SOURCE MATERIAL:
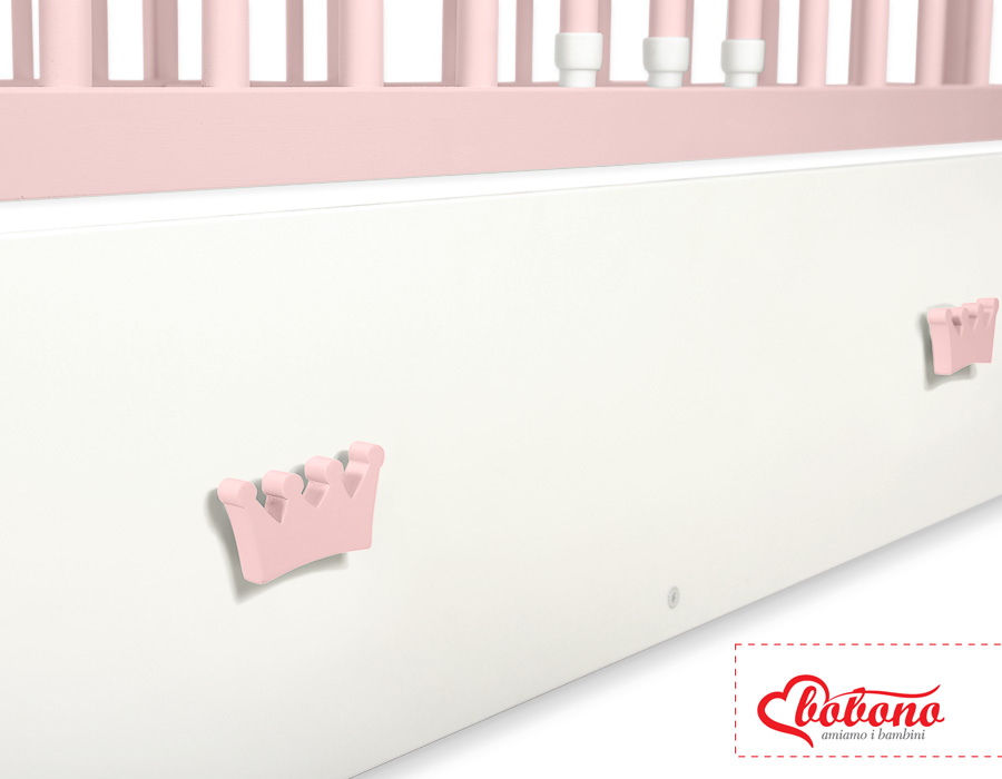 Een lade voor een ledikant van 120x60 cm met decoratieve, handgemaakte handvaten. Biedt meer ruimte voor beddengoed, speelgoed en andere benodigdheden.
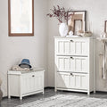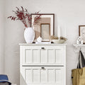 Verbeterde duurzaamheidDe Shoe Tipper Cabinet is gemaakt van hoogwaardige MDF- en PB-materialen en belooft langdurige duurzaamheid en stabiliteit, waarbij hij moeiteloos tot 26 kg lading kan verwerken.
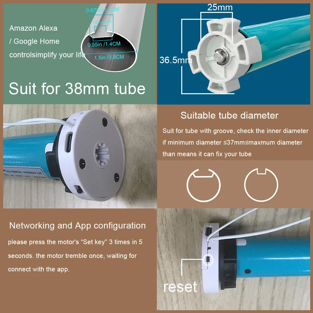 This tuya smart curtains roller blinds motor can be used for aluminum tubes with a diameter of 38MM. Please check whether the size of your aluminum tubes is the same as the size of the aluminum tubes below before placing the order, so as not to fit your aluminum tubes. Thank you!
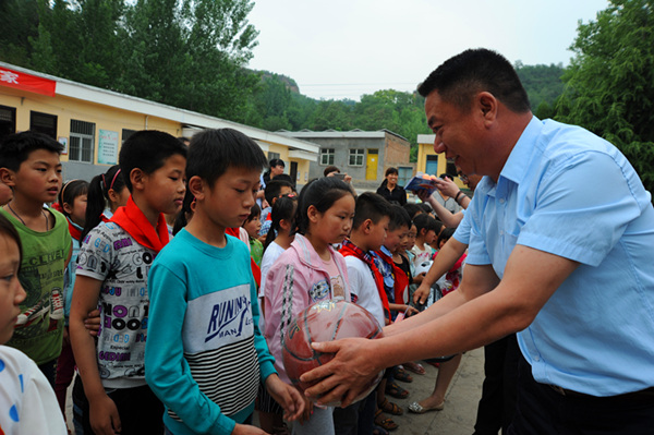 5月31日上午,開(kāi)元集團(tuán)(香港)控股有限公司14位員工驅(qū)車(chē)近100公里,來(lái)到洛寧縣郭村小學(xué),參加由洛陽(yáng)市委統(tǒng)戰(zhàn)部發(fā)起的愛(ài)心助學(xué)活動(dòng),為山區(qū)孩子們送去了學(xué)習(xí)用品、體育用品等愛(ài)心助學(xué)物資。市委統(tǒng)戰(zhàn)常務(wù)副部長(zhǎng)張麗君、市委統(tǒng)戰(zhàn)部紀(jì)檢員張玉紅、開(kāi)元集團(tuán)副總經(jīng)理?xiàng)畲荷?、總?jīng)理助理叢萬(wàn)通等參加了捐贈(zèng)儀式。
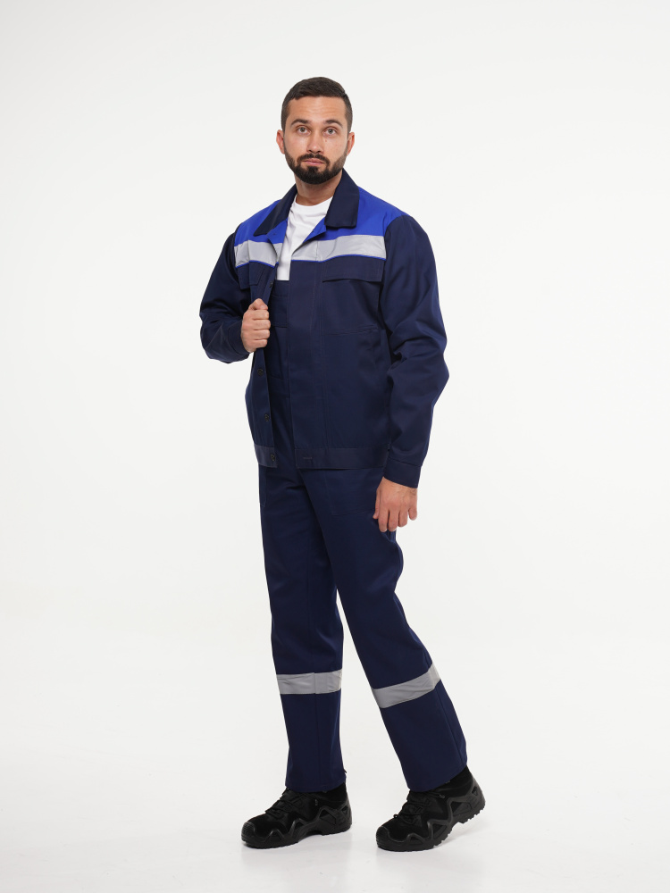 Костюм рабочий Сириус-Мастер №112 т.синий с васильковым (куртка, полукомбинезон) (ЧЗ) (128-132/158-164)
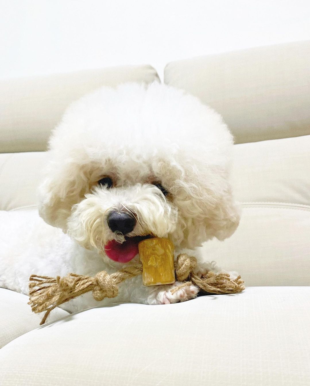 為純天然製成。咖啡樹木的高纖維密度使得玩具不易產生碎片,適合狗狗重複啃咬!
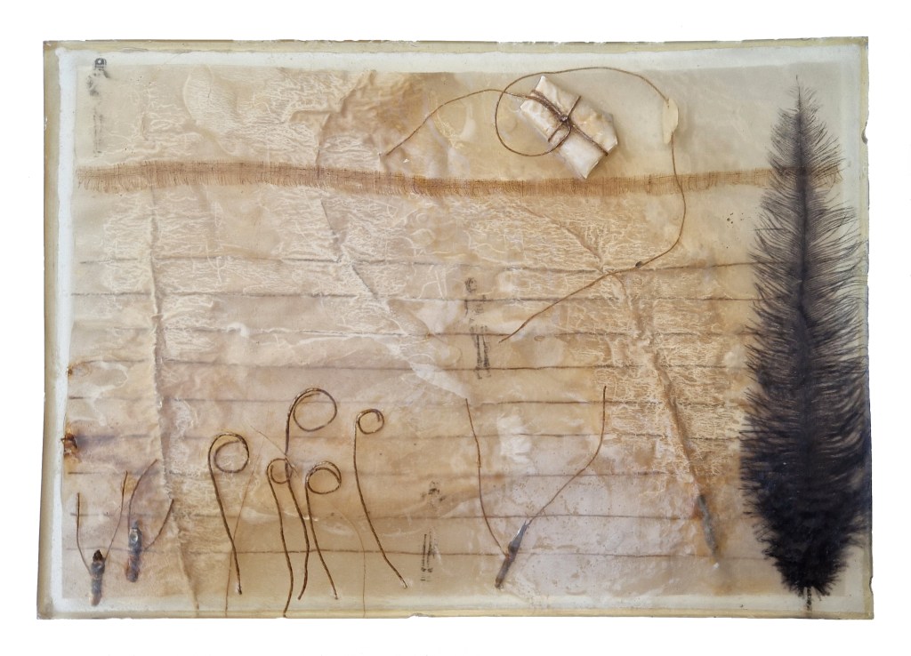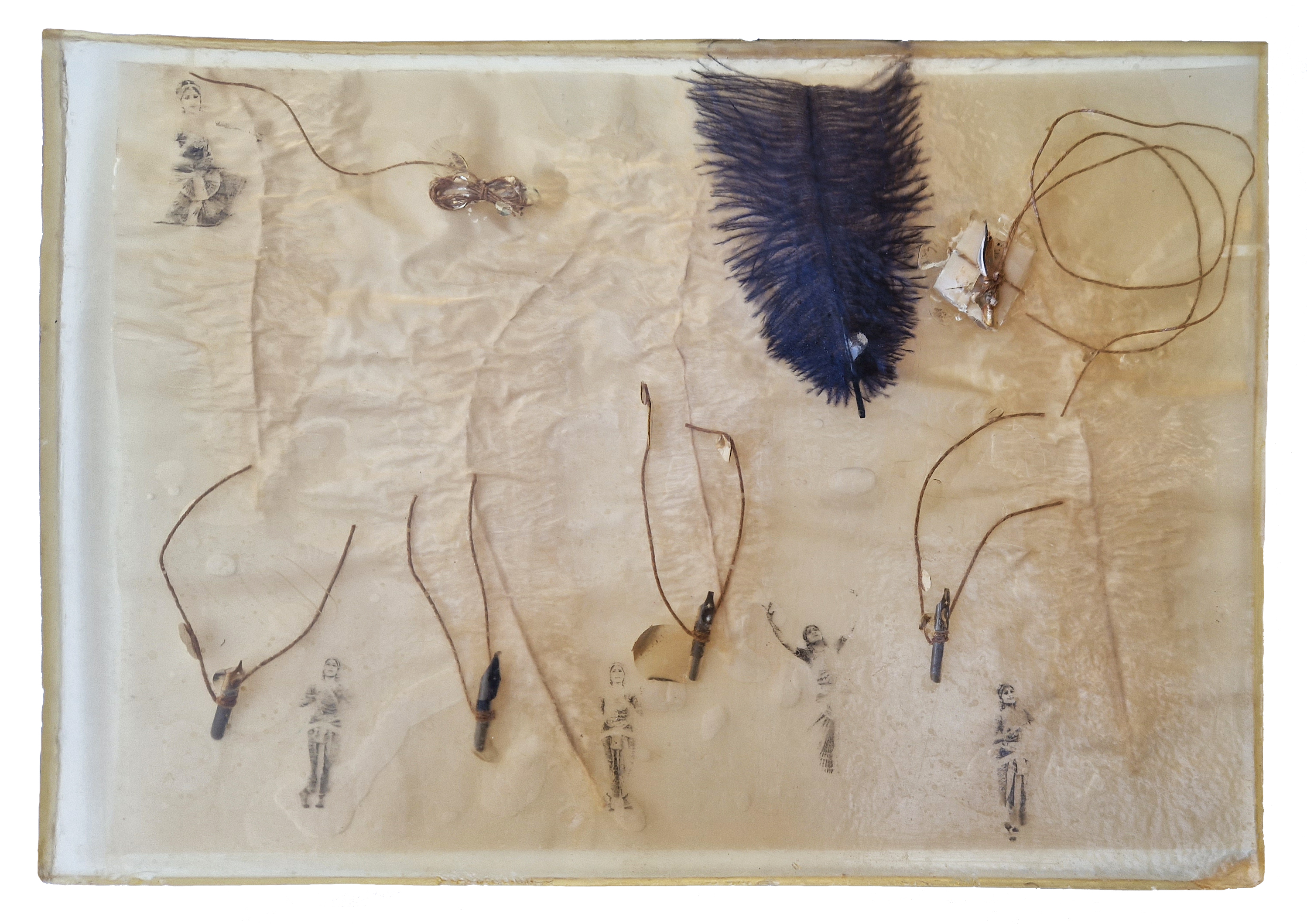 Inclusión de papel vegetal, cuerda, acetato, plumas y plumillas en Resina de poliéster.
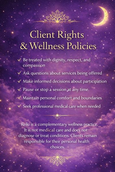 • Reiki and energy healing are holistic wellness practices and are not substitutes for licensed medical or psychological care.
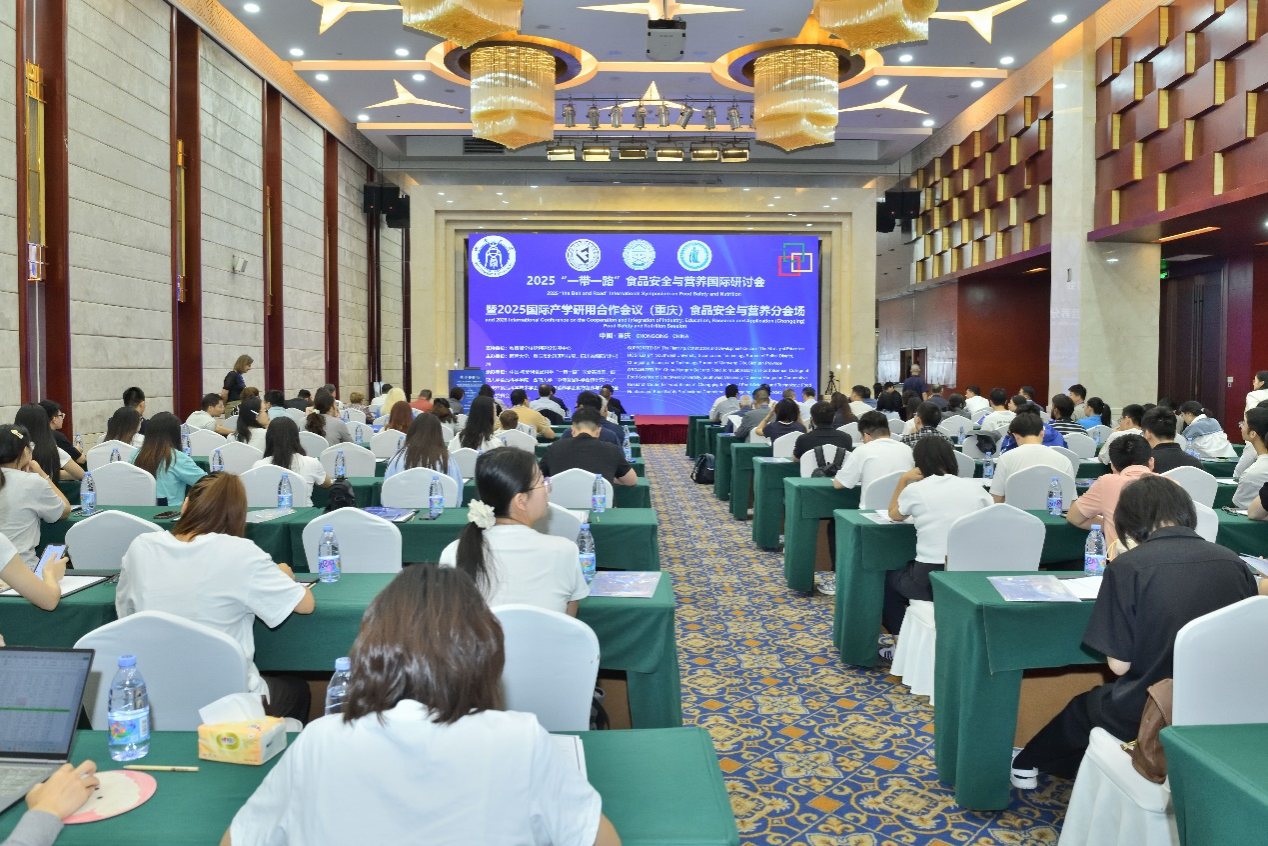 、重庆市北碚区科技局、四川省绵阳市科技局和重庆市食品科学技术学会联合主办的2025“一带一路”食品安全与营养国际研讨会暨2025国际产学研用合作会议(重庆)食品安全与营养分会场在海宇温泉大酒店召开。重庆市科学技术局党委副书记许志鹏、重庆市北碚区人民政府副区长吕俊、匈牙利驻重庆总领事馆副总领事高道马、中国驻匈牙利大使馆代表刘华、学校副校长范大明等出席来自中国、匈牙利、俄罗斯、埃及、巴西、西班牙、瑞士的食品科学及相关领域专家200余人参加的线下线上会议。
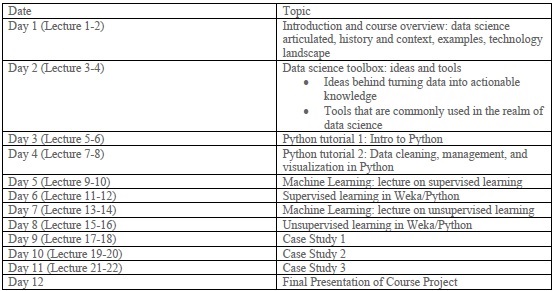 在教学助理(即具有计算机科学或生物医学信息背景的研究生)的帮助下,帮助学生获得数据科学实践经验。下表1显示暂定的时间表和相关的课程题目。
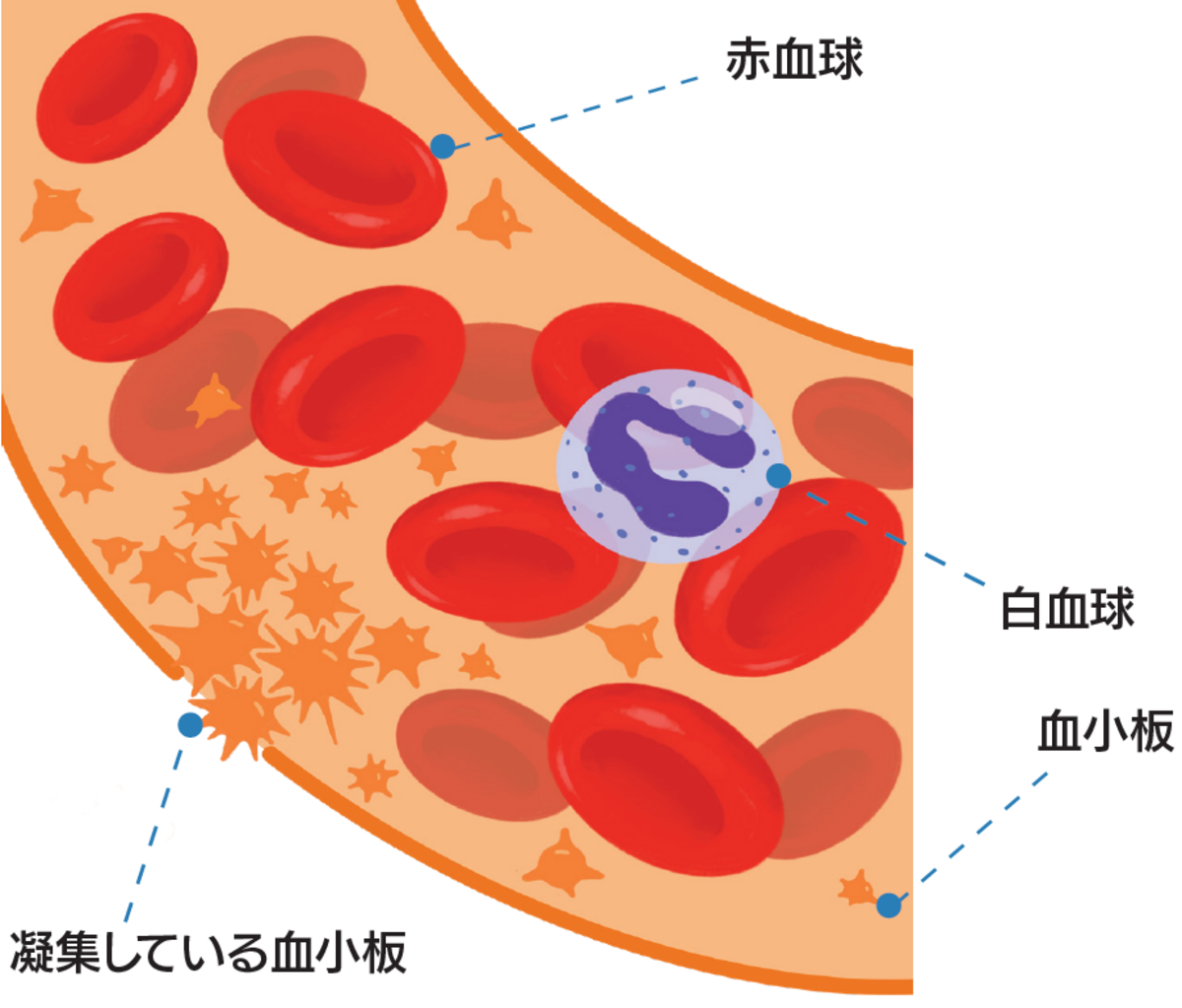 血小板とは血液中に含まれる細胞の1種で、血液1mm³(μL)中に15.8~34.8万個あり、不定形の小片(2~3μm)として血管中を循環しています。血管の内壁が何らかの原因で傷つくと、血液が血管の外へ出ないようにする、止血の中心的役割を果たしています。

EXERCISE DESCRIPTION:
Would you repeat the listing above exactly, minus the images?

WRITTEN REPLY:
 Een lade voor een ledikant van 120x60 cm met decoratieve, handgemaakte handvaten. Biedt meer ruimte voor beddengoed, speelgoed en andere benodigdheden.
 Verbeterde duurzaamheidDe Shoe Tipper Cabinet is gemaakt van hoogwaardige MDF- en PB-materialen en belooft langdurige duurzaamheid en stabiliteit, waarbij hij moeiteloos tot 26 kg lading kan verwerken.
 This tuya smart curtains roller blinds motor can be used for aluminum tubes with a diameter of 38MM. Please check whether the size of your aluminum tubes is the same as the size of the aluminum tubes below before placing the order, so as not to fit your aluminum tubes. Thank you!
 5月31日上午,開(kāi)元集團(tuán)(香港)控股有限公司14位員工驅(qū)車(chē)近100公里,來(lái)到洛寧縣郭村小學(xué),參加由洛陽(yáng)市委統(tǒng)戰(zhàn)部發(fā)起的愛(ài)心助學(xué)活動(dòng),為山區(qū)孩子們送去了學(xué)習(xí)用品、體育用品等愛(ài)心助學(xué)物資。市委統(tǒng)戰(zhàn)常務(wù)副部長(zhǎng)張麗君、市委統(tǒng)戰(zhàn)部紀(jì)檢員張玉紅、開(kāi)元集團(tuán)副總經(jīng)理?xiàng)畲荷?、總?jīng)理助理叢萬(wàn)通等參加了捐贈(zèng)儀式。
 Костюм рабочий Сириус-Мастер №112 т.синий с васильковым (куртка, полукомбинезон) (ЧЗ) (128-132/158-164)
 為純天然製成。咖啡樹木的高纖維密度使得玩具不易產生碎片,適合狗狗重複啃咬!
 Inclusión de papel vegetal, cuerda, acetato, plumas y plumillas en Resina de poliéster.
 • Reiki and energy healing are holistic wellness practices and are not substitutes for licensed medical or psychological care.
 、重庆市北碚区科技局、四川省绵阳市科技局和重庆市食品科学技术学会联合主办的2025“一带一路”食品安全与营养国际研讨会暨2025国际产学研用合作会议(重庆)食品安全与营养分会场在海宇温泉大酒店召开。重庆市科学技术局党委副书记许志鹏、重庆市北碚区人民政府副区长吕俊、匈牙利驻重庆总领事馆副总领事高道马、中国驻匈牙利大使馆代表刘华、学校副校长范大明等出席来自中国、匈牙利、俄罗斯、埃及、巴西、西班牙、瑞士的食品科学及相关领域专家200余人参加的线下线上会议。
 在教学助理(即具有计算机科学或生物医学信息背景的研究生)的帮助下,帮助学生获得数据科学实践经验。下表1显示暂定的时间表和相关的课程题目。
 血小板とは血液中に含まれる細胞の1種で、血液1mm³(μL)中に15.8~34.8万個あり、不定形の小片(2~3μm)として血管中を循環しています。血管の内壁が何らかの原因で傷つくと、血液が血管の外へ出ないようにする、止血の中心的役割を果たしています。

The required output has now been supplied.